The dataset `Corpus 200 emails` contains 200 multilingual emails (Spanish, English, and Portuguese) formatted in accordance with the RFC2822 specification. Download the dataset [here](https://figshare.com/articles/dataset/Corpus_200_Emails/1326662?file=1936502)

This notebook is based on the `demo.ipynb` and `performance_deno.ipynb` notebooks.

In [None]:
import mailcom
import pandas as pd
from IPython.display import display, HTML

A function highlights all named entities found in the text (simple version).

In [None]:
# a dictionary matching colors to the different entity types
colors = {
    "LOC": "green",
    "ORG": "blue",
    "MISC": "yellow",
    "PER": "red"
}

# function for displaying the result using HTML
def highlight_ne(text, ne_list):
    if not ne_list:
        return text
    
    # create a list of all entities with their positions
    entities = []
    for ne in ne_list:
        # avoid substituting the same entity multiple times
        if ne["word"] not in entities and ne["entity_group"] in colors:
            entities.append((ne, colors.get(ne["entity_group"])))
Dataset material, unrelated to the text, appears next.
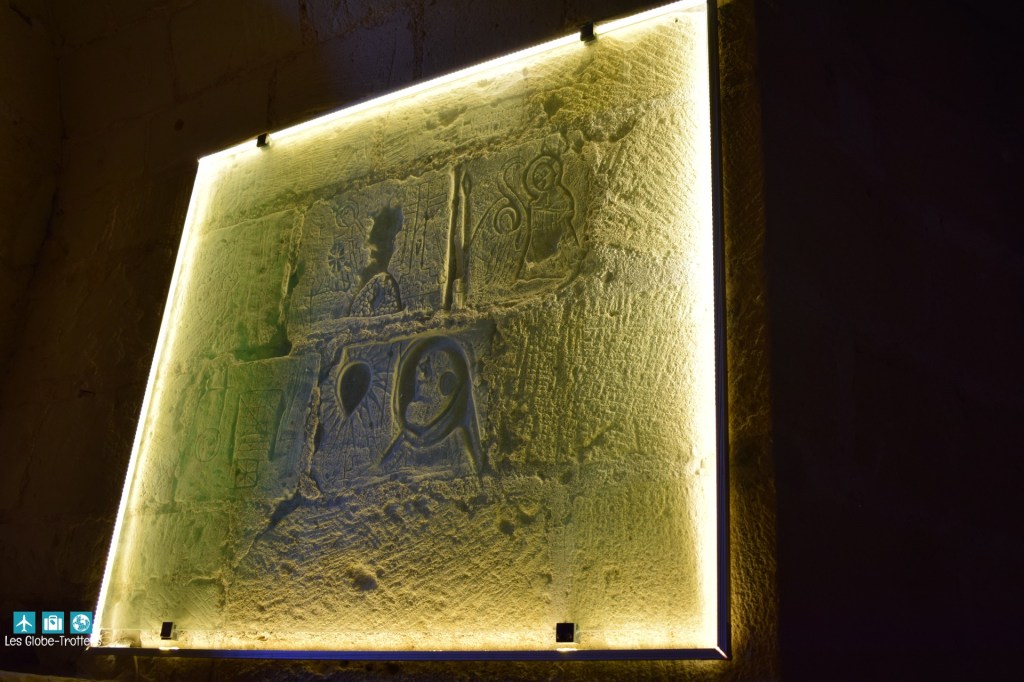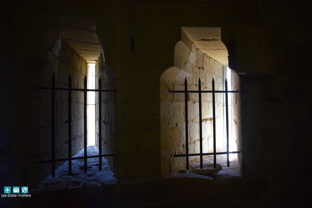 Nous observons et visitons ensuite la tour d’Argenton. En 1477, le roi Louis XI confie la Forteresse de Chinon à Philippe de Commynes, seigneur d’Argenton. Celui-ci renforce l’angle nord-ouest du château du Milieu en construisant une tour capable de résister aux nouvelles armes à poudre. Ses murs font cinq mètres d’épaisseur et des canonnières sont percées jusqu’au niveau le plus bas, à hauteur des fossés. Sa terrasse sommitale est quant à elle située de plain-pied avec la cour du château du Milieu : cette tour moins haute que les autres est aussi moins fragile. La tour est aménagée en prison au XVIIe siècle, comme en témoignent les graffiti qui subsistent sur les murs.

    # replace entities with highlighted spans
    text_chunks = []
    last_idx = 0
    for entity, color in entities:
        ent_word = entity["word"]
        s_idx = entity["start"]
        e_idx = entity["end"]
        # add text before the entity
        text_chunks.append(text[last_idx:s_idx].replace("<", "&lt;").replace(">", "&gt;"))
        # add the entity with a span
        # assume that the entity does not have any HTML tags
        replacement = f"<span style=\"background-color:{color}\">{ent_word}</span>"
        text_chunks.append(replacement)
        last_idx = e_idx
    # add the remaining text
    text_chunks.append(text[last_idx:].replace("<", "&lt;").replace(">", "&gt;"))
    # join all text chunks
    result = "".join(text_chunks)
    
    return result

Load default workflow settings, but omit the default language to activate language detection feature. For simplicity, the updated settings will not be saved.

In [None]:
# activate language detection
new_settings = {"default_lang": ""}
workflow_settings = mailcom.get_workflow_settings(new_settings=new_settings, 
                                                  save_updated_settings=False)

Import eml files from the corpus to an input handler.

In [None]:
# import files from input_dir - change this to your own directory
input_dir = "../../../mailcom/test/data_extended/200_eml"
input_handler = mailcom.get_input_handler(in_path=input_dir, in_type="dir")

Process eml files. By default, all processing steps are enabled.

In [None]:
# process the input data
mailcom.process_data(input_handler.get_email_list(), workflow_settings)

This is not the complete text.